Question

Statement 1 : The function \(f:\mathbb{R}\to\mathbb{R}\) defined by \[ f(x)=\frac{x}{1+|x|} \] is one–one.
Statement 2 : The function \(f:\mathbb{R}\to\mathbb{R}\) defined by \[ f(x)=\frac{x^2+4x-30}{x^2-8x+18} \] is many–one.
Which of the following is correct?

• A. Both Statements are correct
• B. Both Statements are false
• C. Statement 1 is false and Statement 2 is correct
• D. Statement 1 is correct and Statement 2 is false

Hint:

A function is one–one if it is {strictly monotonic}. Rational functions with same degree numerator and denominator are usually {many–one}.

Answer 1

The Correct Option is A

Statement 1 Analysis:
\[ f(x)=\frac{x}{1+|x|} \] Write it piecewise: \[ f(x)= \begin{cases} \dfrac{x}{1+x}, & x\ge 0\\ \dfrac{x}{1-x}, & x<0 \end{cases} \]

For \(x\ge 0\): \(f'(x)=\dfrac{1}{(1+x)^2}>0\) \(\Rightarrow\) strictly increasing. \
For \(x<0\): \(f'(x)=\dfrac{1}{(1-x)^2}>0\) \(\Rightarrow\) strictly increasing. 
Also, \[ \lim_{x\to 0^-}f(x)=0=\lim_{x\to 0^+}f(x) \] Thus, the function is strictly increasing on \(\mathbb{R}\), hence one–one
. \[ \Rightarrow Statement 1 is correct.
\] Statement 2 Analysis:
\[ f(x)=\frac{x^2+4x-30}{x^2-8x+18} \] Rewrite numerator using denominator: \[ x^2+4x-30=(x^2-8x+18)+12x-48 \] \[ f(x)=1+\frac{12x-48}{x^2-8x+18} \] Since the function is a rational function of degree \(2/2\), it is not strictly monotonic
on its domain.
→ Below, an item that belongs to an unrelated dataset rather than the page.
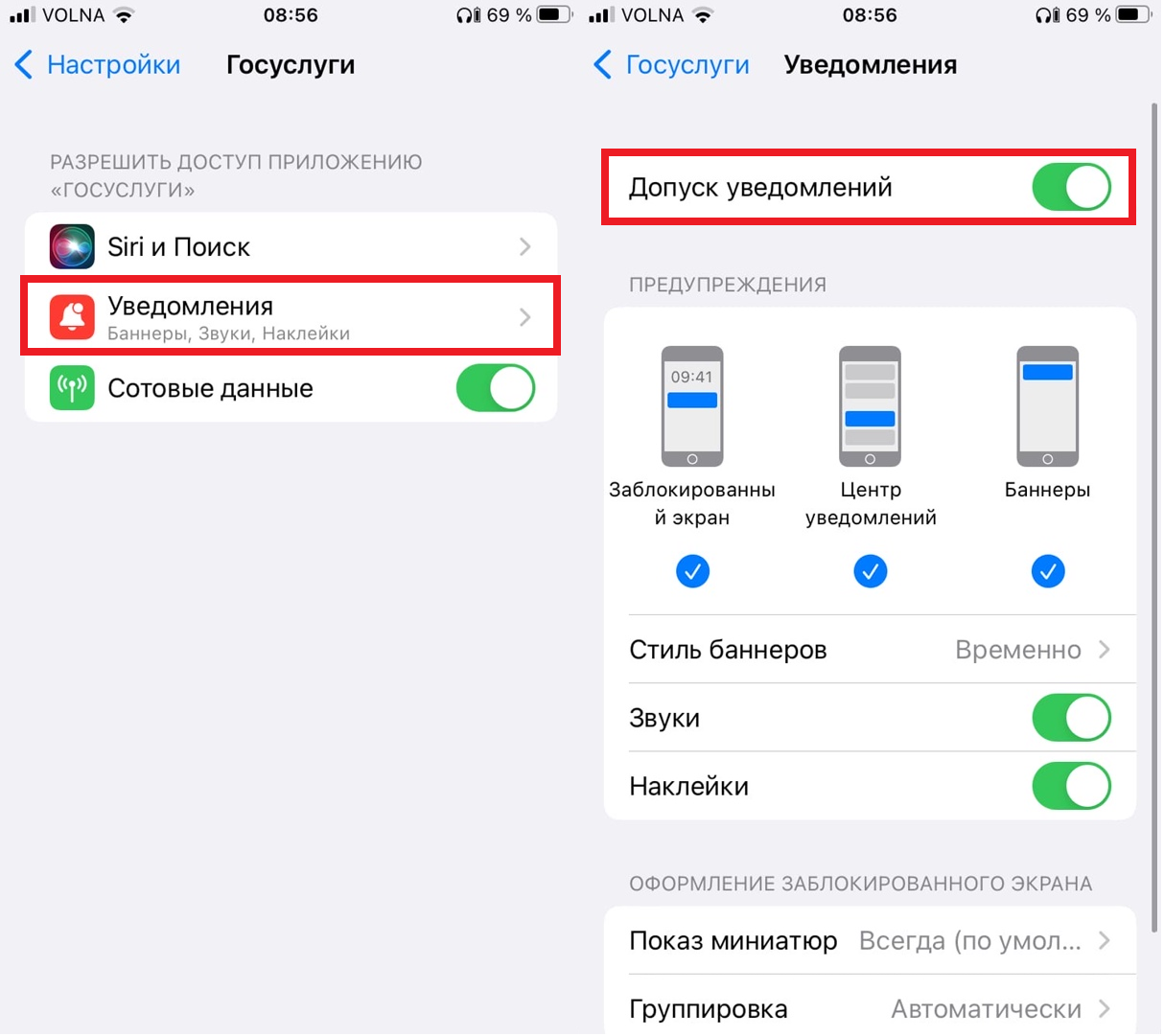 А, во-вторых, выберите приложение от которого вы не получаете уведомлений в меню «Настройки» → «Уведомления» и убедитесь в том, что переключатель «Допуск уведомлений» активен.

Indeed, \[ f(2)=\frac{4+8-30}{4-16+18}=\frac{-18}{6}=-3 \] \[ f(6)=\frac{36+24-30}{36-48+18}=\frac{30}{6}=5 \] Also, multiple distinct \(x\)-values can give the same \(f(x)\), hence the function is many–one
. \[ \Rightarrow Statement 2 is correct.
\] 
Final Conclusion:
Both statements are correct. \[ \boxed{\text{Option (1)}} \]